◆ **YOUR ASSIGNMENT**: Return the data below exactly, but only from the line containing "Scorching Summer Heatwave: A" through the line containing "令和7年の電気関係受章者祝賀", with both of those lines included.
[[ THE DATA open ]]
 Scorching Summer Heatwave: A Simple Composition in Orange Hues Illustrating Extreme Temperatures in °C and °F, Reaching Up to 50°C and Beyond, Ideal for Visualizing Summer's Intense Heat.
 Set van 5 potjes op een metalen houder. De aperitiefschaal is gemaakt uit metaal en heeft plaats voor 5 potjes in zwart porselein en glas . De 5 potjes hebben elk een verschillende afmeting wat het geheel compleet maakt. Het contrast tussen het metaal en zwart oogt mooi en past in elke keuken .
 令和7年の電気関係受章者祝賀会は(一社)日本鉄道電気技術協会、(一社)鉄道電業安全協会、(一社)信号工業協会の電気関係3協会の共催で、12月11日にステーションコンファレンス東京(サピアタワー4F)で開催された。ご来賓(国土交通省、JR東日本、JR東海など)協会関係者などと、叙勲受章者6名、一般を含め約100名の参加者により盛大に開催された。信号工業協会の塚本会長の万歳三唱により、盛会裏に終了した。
[[ THE DATA closed ]]
[[ THE DATA open ]]
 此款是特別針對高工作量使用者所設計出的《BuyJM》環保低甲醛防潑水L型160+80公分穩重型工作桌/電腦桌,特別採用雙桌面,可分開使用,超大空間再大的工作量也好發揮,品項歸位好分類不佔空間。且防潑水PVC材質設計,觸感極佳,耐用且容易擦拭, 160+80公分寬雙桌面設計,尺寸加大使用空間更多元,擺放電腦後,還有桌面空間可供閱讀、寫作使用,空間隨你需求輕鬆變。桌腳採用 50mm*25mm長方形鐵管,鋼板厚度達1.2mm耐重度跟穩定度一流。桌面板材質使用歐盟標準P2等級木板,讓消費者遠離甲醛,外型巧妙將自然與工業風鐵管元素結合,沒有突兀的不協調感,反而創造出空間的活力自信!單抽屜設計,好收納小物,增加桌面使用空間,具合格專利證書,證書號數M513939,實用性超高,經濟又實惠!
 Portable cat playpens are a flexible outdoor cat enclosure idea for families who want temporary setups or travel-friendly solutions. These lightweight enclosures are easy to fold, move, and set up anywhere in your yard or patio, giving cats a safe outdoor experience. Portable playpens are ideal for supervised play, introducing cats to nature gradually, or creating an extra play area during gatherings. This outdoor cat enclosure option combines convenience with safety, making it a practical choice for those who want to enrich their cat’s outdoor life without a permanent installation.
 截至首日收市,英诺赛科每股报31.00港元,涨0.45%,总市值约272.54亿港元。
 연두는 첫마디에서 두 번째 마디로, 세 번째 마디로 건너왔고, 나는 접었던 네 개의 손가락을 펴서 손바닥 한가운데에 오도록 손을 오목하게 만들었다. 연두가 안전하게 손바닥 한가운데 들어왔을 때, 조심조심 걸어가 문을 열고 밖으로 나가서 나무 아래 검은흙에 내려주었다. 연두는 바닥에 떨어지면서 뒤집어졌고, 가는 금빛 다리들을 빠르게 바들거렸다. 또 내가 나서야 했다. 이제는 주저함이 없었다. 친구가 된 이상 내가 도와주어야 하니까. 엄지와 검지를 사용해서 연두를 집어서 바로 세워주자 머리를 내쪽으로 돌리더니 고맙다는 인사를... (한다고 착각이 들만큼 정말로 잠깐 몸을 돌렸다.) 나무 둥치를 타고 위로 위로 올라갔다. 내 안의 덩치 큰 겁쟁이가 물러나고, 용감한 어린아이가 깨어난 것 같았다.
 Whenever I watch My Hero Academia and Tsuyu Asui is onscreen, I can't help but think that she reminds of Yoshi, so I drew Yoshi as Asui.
[[ THE DATA closed ]]
◆ **EXERCISE RESPONSE**:
 Scorching Summer Heatwave: A Simple Composition in Orange Hues Illustrating Extreme Temperatures in °C and °F, Reaching Up to 50°C and Beyond, Ideal for Visualizing Summer's Intense Heat.
 Set van 5 potjes op een metalen houder. De aperitiefschaal is gemaakt uit metaal en heeft plaats voor 5 potjes in zwart porselein en glas . De 5 potjes hebben elk een verschillende afmeting wat het geheel compleet maakt. Het contrast tussen het metaal en zwart oogt mooi en past in elke keuken .
 令和7年の電気関係受章者祝賀会は(一社)日本鉄道電気技術協会、(一社)鉄道電業安全協会、(一社)信号工業協会の電気関係3協会の共催で、12月11日にステーションコンファレンス東京(サピアタワー4F)で開催された。ご来賓(国土交通省、JR東日本、JR東海など)協会関係者などと、叙勲受章者6名、一般を含め約100名の参加者により盛大に開催された。信号工業協会の塚本会長の万歳三唱により、盛会裏に終了した。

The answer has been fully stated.